The first instruction is rjmp INIT. Playing around with the .org 0x60 indicates two things:
0x60 corresponds to the position of the instruction in the program. Since instructions are 16-bits, this corresponds to a memory address of 0xc0 (0x60 * 2), where the first instruction resides.0xc05f and not 0x5fc0.This means the memory is little-endian. Given the word size of 2 bytes, the flash memory is thus better represented as:
prog 0x0000 c05f ffff ffff ffff ffff ffff ffff ffff prog 0x0010 ffff ffff ffff ffff ffff ffff ffff ffff ... prog 0x00B0 ffff ffff ffff ffff ffff ffff ffff ffff prog 0x00C0 e50f bf0d e004 bf0e ef0f bb07 bb08 ef8f prog 0x00D0 e070 d004 bb78 d002 bb88 cffb e017 ef2f prog 0x00E0 ef3f 953a f7f1 952a f7d9 951a f7c1 9508 prog 0x00F0 ffff ffff ffff ffff ffff ffff ffff ffff ...

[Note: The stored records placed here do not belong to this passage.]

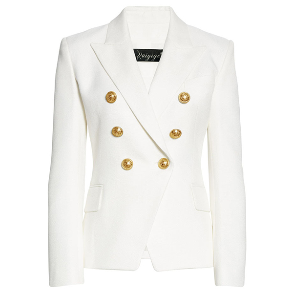 For some formal occasions,you can just have a look at this delicate suit coat. Solid color tone design makes it look elegant and generous,while the double-breasted and irregular hem design break the tedious design style. You can match with your suit pants and favourite heels for a confident and elegant working look.
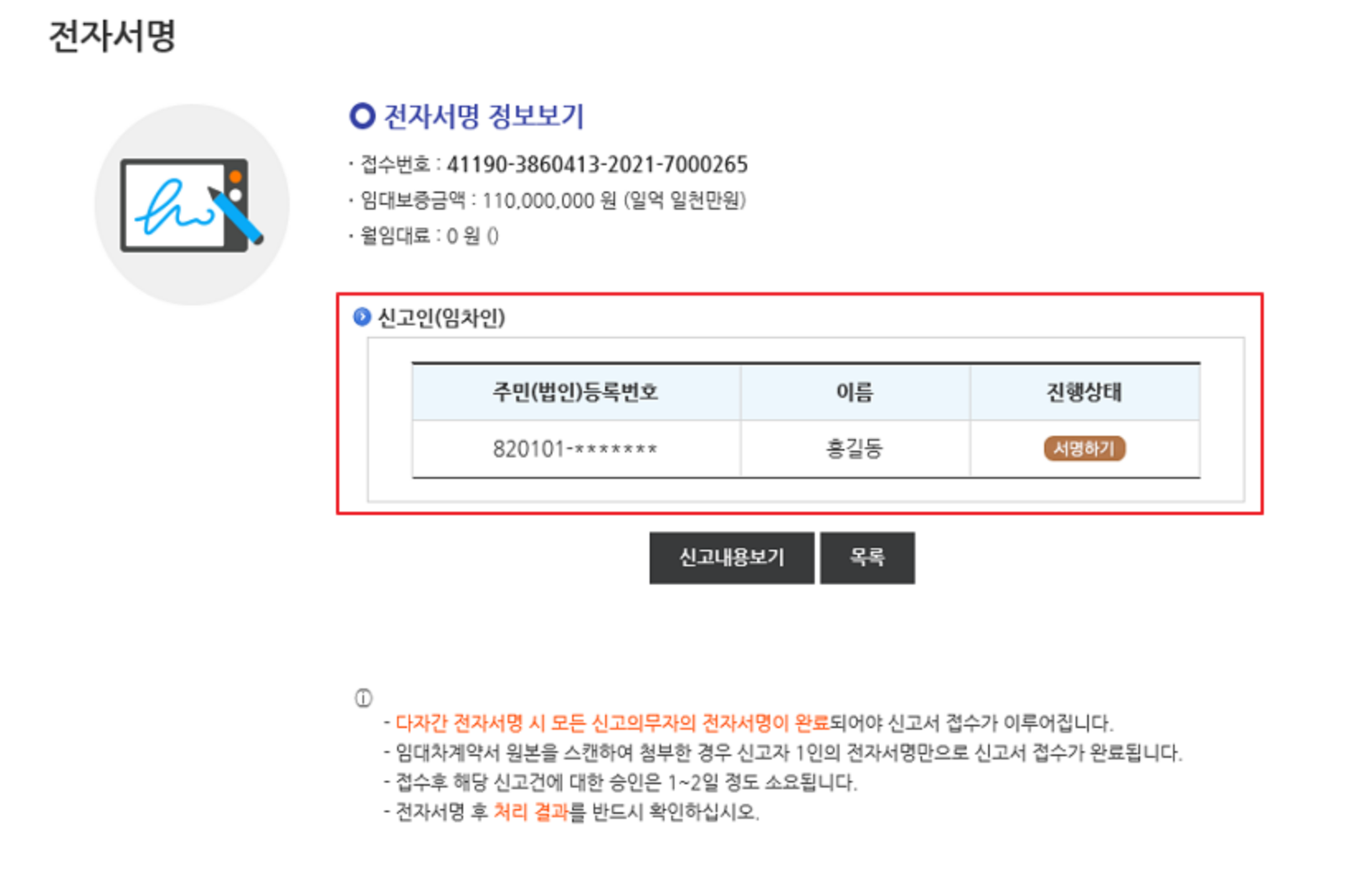 임대차신고서 작성이 끝나면 [작성완료] 버튼을 클릭하여 전자서명 페이지로 이동하여 [서명하기] 버튼을 클릭하여 전자서명을 완료하면 신고가 완료됩니다.
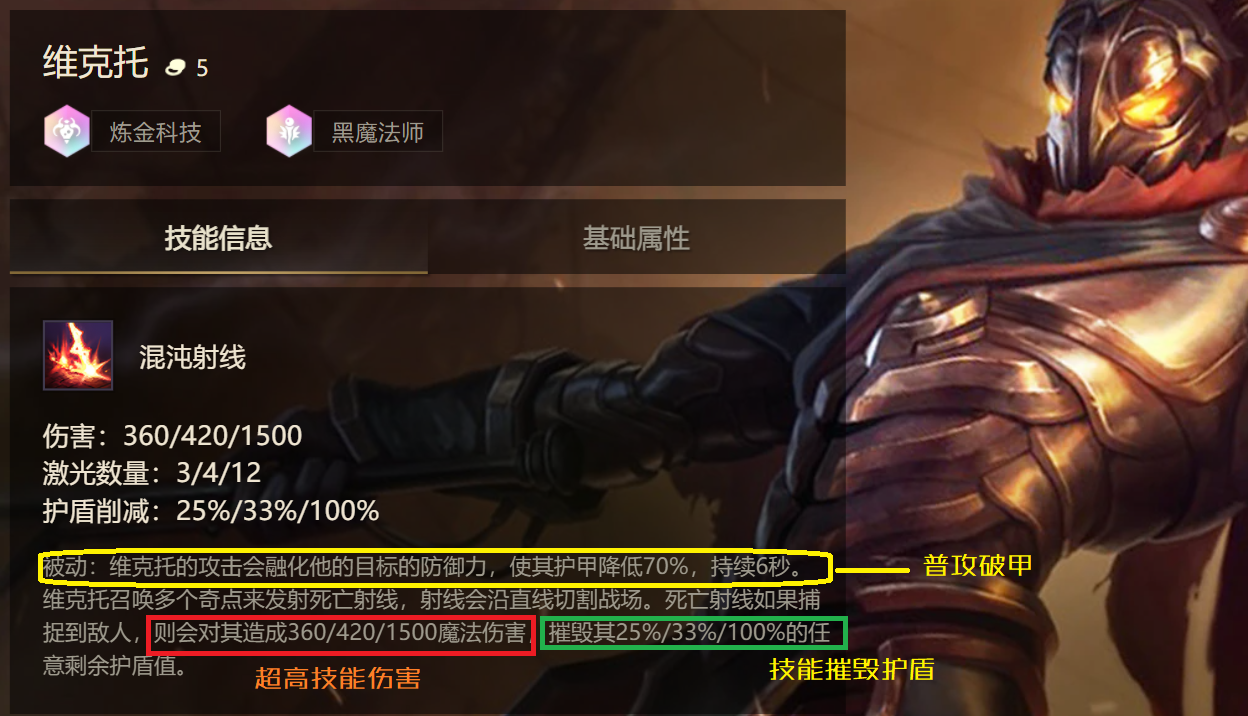 维克托不仅技能伤害高,普攻自带轻语特效 会有70%的破甲效果,技能还可摧毁敌方护盾值 ,强度并没有想象中那么差。
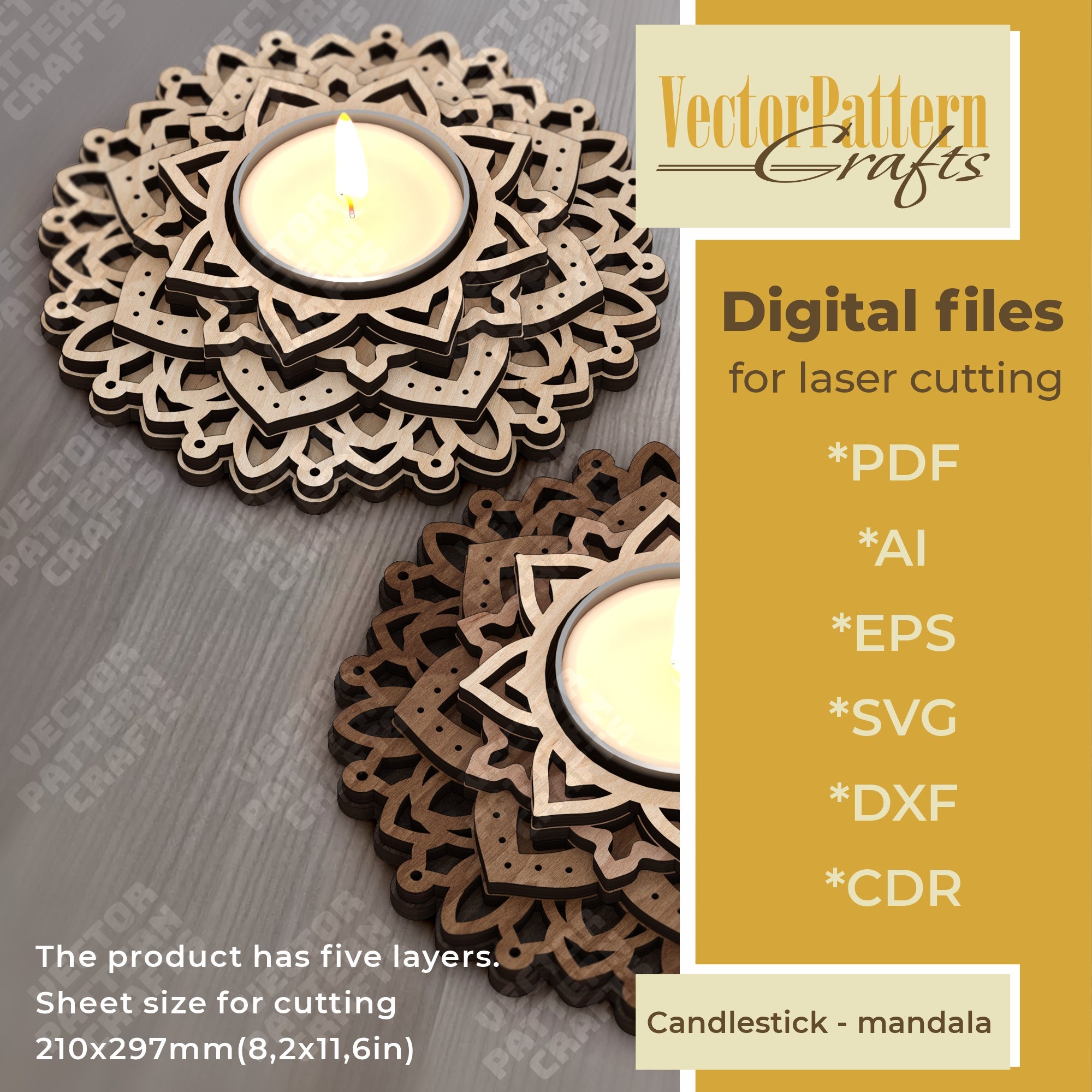 Wooden mandala candle holder laser cut svg file
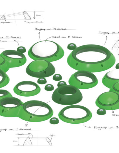 De klimgrepenset van CLIMO biedt meer dan gewone klimgrepen. Zo omvat het speciale, modulaire klimgrepen die meerdere openingen bevatten. Kinderen kunnen zelf kiezen welke opening ze willen gebruiken en waar ze zich het meest vertrouwd bij voelen. De klimgrepen bieden steeds goede houvast en steun, ongeacht de verschillende soorten en de oriëntatie waarin de klimgrepen staan.
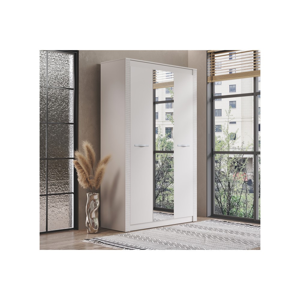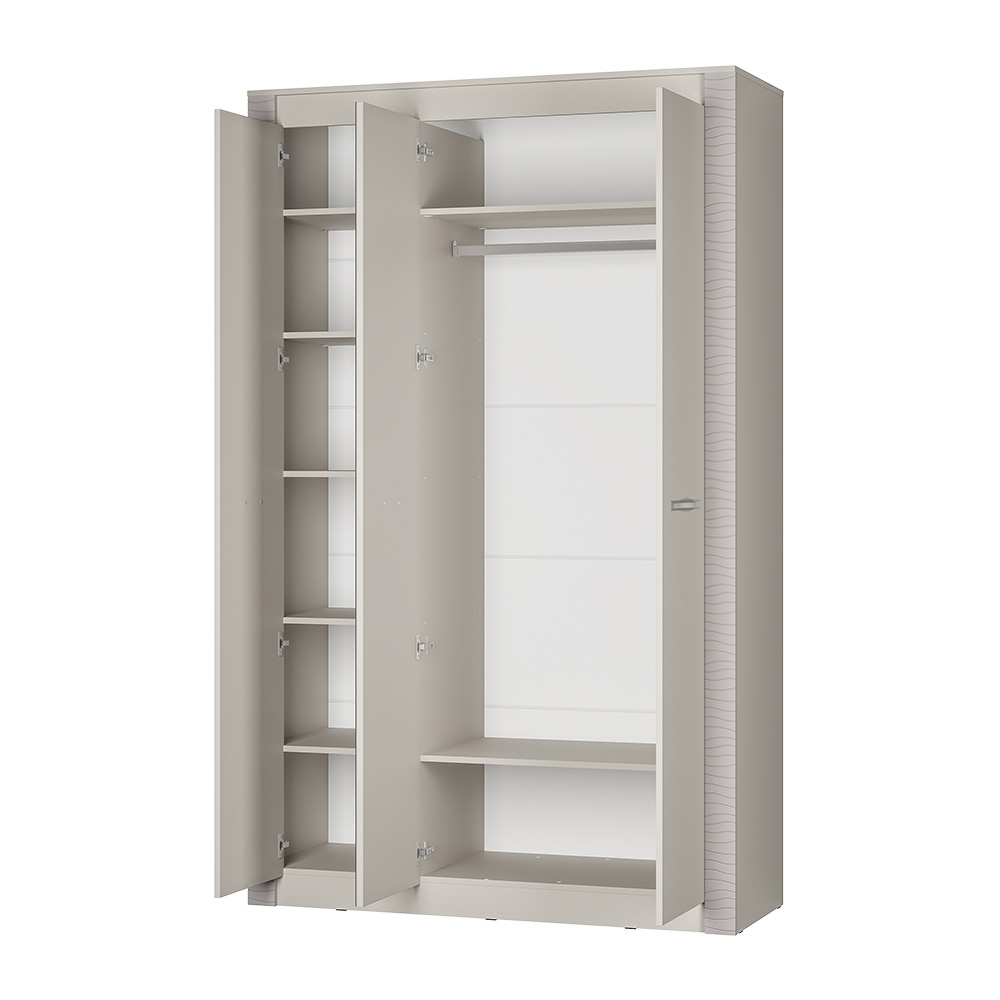 Трехстворчатый шкаф "Монако" относится к одноименной модульной серии. Модель не имеет вычурного декора и лишних деталей, выполнена в сдержанном и лаконичном стиле. Комплектация шкафа представляет собой несколько полок для хранения вещей в сложенном виде, а также отделение с хромированной штангой для одежды на вешалках. Для создания модели используется качественная ЛДСП цвета "кашемир". Центральная створка является полностью зеркальной, две остальные дополнены изящными ручками.
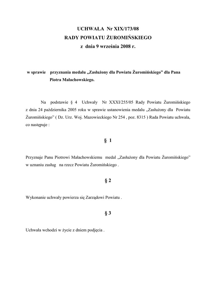 UCHWAŁA Nr XIX/173/08 RADY POWIATU śUROMIŃSKIEGO z dnia 9 września 2008 r. w sprawie przyznania medalu „ZasłuŜony dla Powiatu śuromińskiego” dla Pana Piotra Małachowskiego. Na podstawie § 4 Uchwały Nr XXXI/255/05 Rady Powiatu śuromińskiego z dnia 24 października 2005 roku w sprawie ustanowienia medalu „ZasłuŜony dla Powiatu śuromińskiego” ( Dz. Urz. Woj. Mazowieckiego Nr 254 , poz. 8315 ) Rada Powiatu uchwala, co następuje : § 1 Przyznaje Panu Piotrowi Małachowskiemu medal „ZasłuŜony dla Powiatu śuromińskiego” w uznaniu zasług na rzecz Powiatu śuromińskiego . §2 Wykonanie uchwały powierza się Zarządowi Powiatu . §3 Uchwała wchodzi w Ŝycie z dniem podjęcia . Nr wniosku 5 WNIOSEK PRZYZNANIE MEDALU „ZASŁUśONY DLA POWIATU śUROMIŃSKIEGO DLA OSOBY FIZYCZNEJ 1. Imię i nazwisko PIOTR MAŁACHOWSKI 2. Data i miejsce urodzenia 7 czerwca 1983 r. w śurominie 3. Miejsce zamieszkania 09-320 BieŜuń, ul. Płocka 10 4. Miejsce zatrudnienia, stanowisko. Reprezentuje Klub Śląsk Wrocław, a trenuje w ośrodku miotaczy działającym pod egidą PZLA na obiektach warszawskiej AWF – trener Witold Suski. 5. Szczegółowy opis zasług uzasadniających przyznanie medalu Jest wychowankiem ciechanowskiej szkoły miotaczy . W 2001 r. był szósty w mistrzostwach Europy juniorów w Grosseto, w 2002 r. zajął piąte miejsce w mistrzostwach świata w tej kategorii wieku w Kingston, w 2005 r. został w Erfurcie młodzieŜowym wicemistrzem kontynentu. Sezon 2006 zaczął od rekordu Ŝyciowego 65.01 i zwycięstwa w Zimowym Pucharze Europy miotaczy w Tel Awiwie, by 29.06.2006 r. ( MALAGA ) triumfować w najwaŜniejszej rozgrywce pucharowej na Starym Kontynencie i zostać rekordzistą Polski w rzucie dyskiem z wynikiem 66.21. Dotychczasowy rekord kraju wynosił 65.98 i był ustanowiony 24.08.1985 r. w Warszawie przez Dariusza Juzyszyna. 23.07.2006 r. w Mistrzostwach Polski w Bydgoszczy uzyskał 64.82 i został Mistrzem Polski. Stała progresja wyników i ponowne Mistrzostwa Polski w roku 2007 i 2008. Nominacja Olimpijska i srebrny medal – jeden z dziesięciu całej reprezentacji Polski. 6. Inne dane uzupełniające wniosek REKORDZISTA POLSKI W RZUCIE DYSKIEM i aktualny MISTRZ POLSKI V-ce MISTRZ OLIMPIJSKI – PEKIN 2008 7. Załączniki Artykuły z Przeglądu Sportowego 8. Oznaczenie wnioskodawcy (adres, telefon, data, imię i nazwisko, pieczątka podpis) starosta Zarząd Powiatu śuromińskiego – 27.08.2008 r. k 9. Opinia Zarządu Powiatu (data, nr protokołu, podpis Przewodniczącego lub jego Zastępcy) Pozytywna opinia Zarządu Powiatu śuromińskiego – Protokół z posiedzenia Zarządu Nr 54/2008 z dnia 27.08.2008 r.
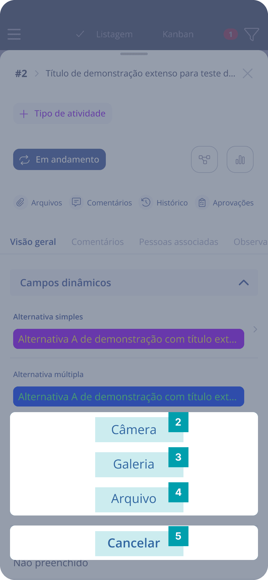 Important Note! * When editing a field in online mode, the system automatically updates the activity form, bringing the new information to the mobile activity and synchronizing it simultaneously with the web platform. This way, you can follow your updates in real time regardless of the device you are using. * Dynamic field types can be easily identified; the field type is always described right below the field title on its editing screen.
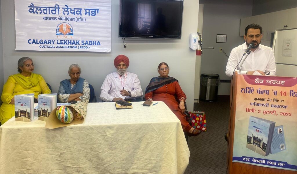 ਕੈਲਗਰੀ ਲੇਖਕ ਸਭਾ ਦੀ ਜੁਲਾਈ ਮਹੀਨੇ ਦੀ ਮੀਟਿੰਗ ਵਿੱਚ 5 ਜੁਲਾਈ, 2025 ਸ਼ਨੀਵਾਰ ਨੂੰ ਕੋਸੋ ਹਾਲ ਵਿੱਚ ਪੰਜਾਬੀ ਦੀ ਸਥਾਪਿਤ ਲੇਖਕਾ ਗੁਰਚਰਨ ਕੌਰ ਥਿੰਦ ਦੀ ਨਵਪ੍ਰਕਾਸ਼ਿਤ ਪੁਸਤਕ ‘ਲਹਿੰਦੇ ਪੰਜਾਬ ’ਚ 14 ਦਿਨ’ ਲੋਕ ਅਰਪਣ ਕੀਤੀ ਗਈ। ਇਹ ਉਨ੍ਹਾਂ ਦੀ ਸੰਨ 2023 ਦੇ ਫਰਵਰੀ ਮਹੀਨੇ ਲਹਿੰਦੇ ਪੰਜਾਬ ਦੀ 14 ਦਿਨ ਦੀ ਯਾਤਰਾ ਦਾ ਸੁਚਿੱਤਰ ਸਫ਼ਰਨਾਮਾ ਹੈ। ਬਲਵਿੰਦਰ ਕੌਰ ਬਰਾੜ, ਜੋ ਇਸ ਕਿਤਾਬ ਦੇ ਮੁਖ-ਬੰਦ ਦੇ ਰਚੇਤਾ ਹਨ, ਨੇ ਕਿਤਾਬ ਬਾਰੇ ਆਪਣੇ ਵਿਚਾਰ ਸਾਂਝੇ ਕਰਨ ਦੇ ਨਾਲ ਨਾਲ ਆਪਣੀ ਲਹਿੰਦੇ ਪੰਜਾਬ ਦੀ ਸੰਖੇਪ ਫੇਰੀ ਦੇ ਤਜਰਬੇ ਅਤੇ ਅਨੁਭਵ ਵੀ ਸਾਂਝੇ ਕੀਤੇ। ਉਨ੍ਹਾਂ ਦੱਸਿਆ ਕਿ ਸਫ਼ਰਨਾਮੇ ਵਿੱਚ ਵਿਸ਼ੇਸ਼ ਤੌਰ ਤੇ ਮੁਲਾਕਾਤਾਂ ਵਾਲਾ ਹਿੱਸਾ ਅਤਿ ਅਹਿਮ ਹੈ। ਇਸ ਵਿੱਚ ਲਹਿੰਦੇ ਪੰਜਾਬ ਦੀਆਂ ਨਾਮਵਰ ਹਸਤੀਆਂ ਆਸ਼ਿਕ ਰਹੀਲ, ਈਸਾਨ ਬਾਜਵਾ, ਬਾਬਾ ਨਜ਼ਮੀ, ਦੀਪ ਸਾਈਦਾ ਅਤੇ ਅਹਿਮਦ ਰਜ਼ਾ ਪੰਜਾਬੀ ਨਾਲ  ਲੇਖਿਕਾ ਦੁਆਰਾ ਪੰਜਾਬੀ ਨੈਸ਼ਨਲ  ਟੀ.ਵੀ. ਲਈ ਕੀਤੀਆਂ ਮੁਲਾਕਾਤਾਂ ਦਾ ਹਰਫ਼-ਬਹਰਫ਼ ਅੱਖਰੀਕਰਨ ਸ਼ਾਮਲ ਹੈ ਜੋ ਲਹਿੰਦੇ ਪੰਜਾਬ ਦੀ ਮਾਨਸਿਕਤਾ, ਹਾਲਾਤਾਂ ਤੇ ਪ੍ਰਸਥਿਤੀਆਂ ਤੇ ਬਾਖ਼ੂਬੀ ਝਾਤ ਪਵਾਉਂਦਾ ਹੈ।
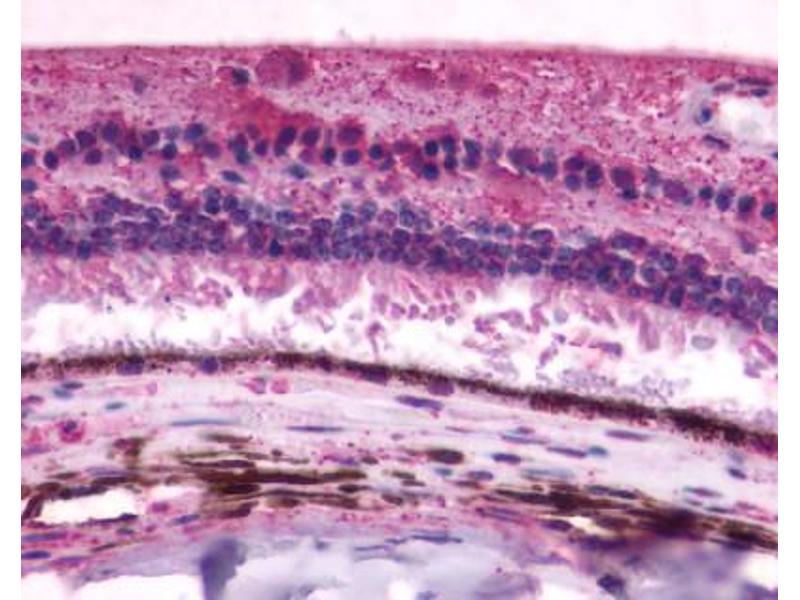 - Human RGR. BLAST analysis of the peptide immunogen showed no homology with other human proteins.
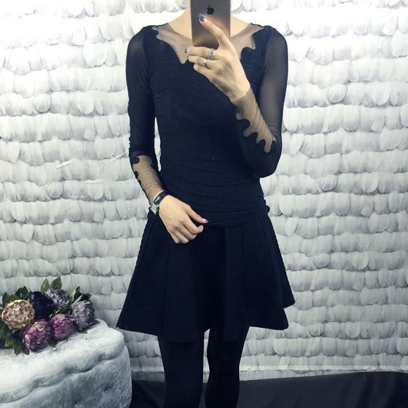 歐洲站2015秋冬大牌性感重工網(wǎng)紗繡花蕾絲修身長(zhǎng)袖打底衫潮 批發(fā) /
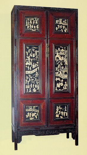 櫃 頂 無 櫃 帽 而 成 方 方 正 正 的 立 櫃 稱 為 方 角 櫃 。 本 件 屬 於 中 等 大 小 的 方 角 櫃 , 身 裁 高 瘦 所 以 看 起 來 挺 拔 , 比 例 頗 佳 。 做 工 與 紋 飾 變 化 多 且 線 條 硬 直 , 均 可 看 出 清 式 的 風 格 。 櫃 門 是 無 閂 杆 的 硬 擠 門 , 攢 框 三 截 構 成 , 每 截 版 心 嵌 入 海 象 牙 雕 紅 樓 夢 人 物 故 事 , 寫 景 有 趣 , 是 整 件 櫃 子 的 重 心 , 其 邊 正 如 畫 加 邊 框 , 加 強 畫 面 的 效 果 ; 此 框 外 以 櫻 木 板 貼 面 , 色 澤 與 紋 裡 頗 美 ; 整 體 而 言 雖 繁 複 但 不 俗 麗 。 此 櫃 更 特 殊 的 是 , 櫃 門 的 裡 面 竟 也 佈 滿 海 象 牙 刻 的 篆 字 吉 祥 祝 語 , 黑 底 白 字 甚 為 醒 目 , 是 仕 宦 人 家 風 雅 細 緻 的 上 好 家 具 。
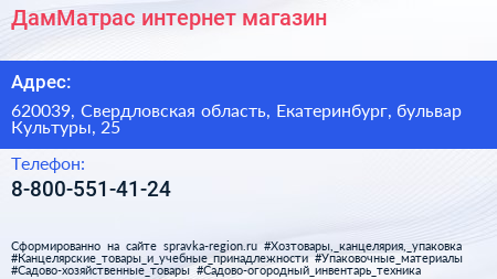 ДамМатрас, интернет-магазин по адресу 620039, Свердловская область, Екатеринбург, бульвар Культуры, 25 в дальнейшем Организация, размещена в следующих категориях:
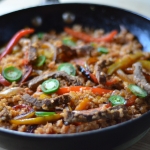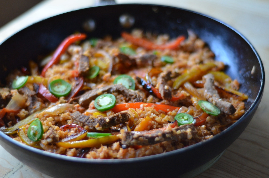 This recipe brings in all the yummy flavors of a fajita – the steak, the peppers, the onions, and pairs it with the zing of tomato paste, utilizing cauliflower instead of rice. And…it’s damn easy to make!
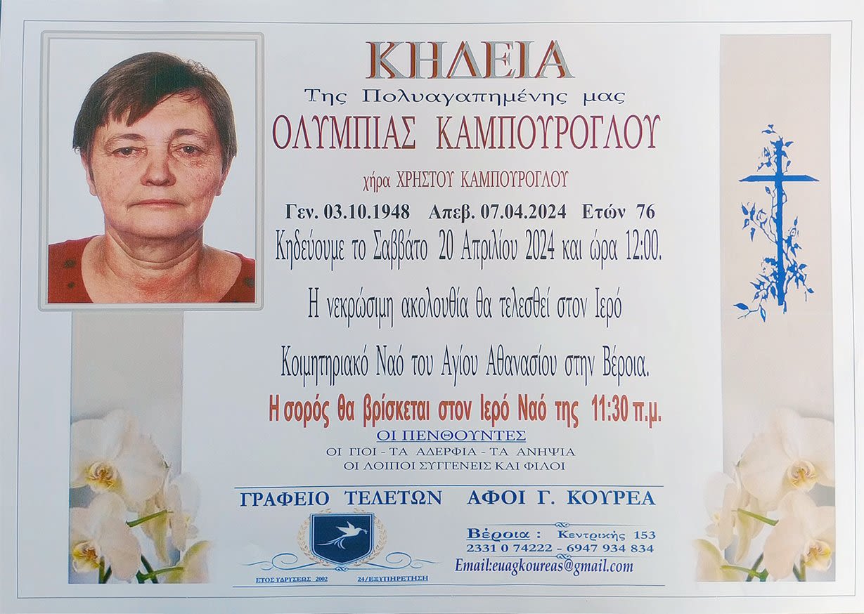 Έφυγε από τη ζωή και κηδεύεται το Σάββατο 20 Απριλίου 2024 στις 12.00 μ.μ. από τον Ιερό Ναό Αγίου Αθανασίου (Κοιμητήρια) Βέροιας η Ολυμπία Καμπούρογλου σε ηλικία 76 ετών.

Breaking down the flash memory, with address in units of words:
| Address | Value | Remark | 
|---|---|---|
| 0x60 | 0xe50f | Opcode: 0xe. Loads value 0x5f to register 0x0 (+16), i.e. R16. | 
| 0x61 | 0xbf0d | Opcode: 0b10111. Copy value from register 0b10000 (16) to IO port 0b111101 (0x3d, in IO-only address space). | 
| 0x62 | 0xe004 | Same LDI instruction, load 0x04. | 
| 0x63 | 0xbf0e | OUT. | 
| 0x64 | 0xef0f | Same LDI instruction, load 0xff. | 
| 0x65 | 0xbb07 | OUT. | 
| 0x66 | 0xbb08 | OUT. | 
| 0x67 | 0xef8f | LDI. | 
| 0x68 | 0xe070 | LDI. | 
| 0x69 | 0xd004 | RCALL to (0x04+1) relative jump. | 
| 0x6a | 0xbb78 | OUT. | 
| ... | ... | ... | 
| 0x71 | 0x953a | |
| ... | ... | ... | 
| 0x77 | 0x9508 | RET instruction. | 
At the RCALL instruction, the stack pointer changes to 5d 04 while the stack has value 20 6a. The program counter is at 0x69 for the RCALL, but there is a stray 0x20 appearing in the stack, not sure why.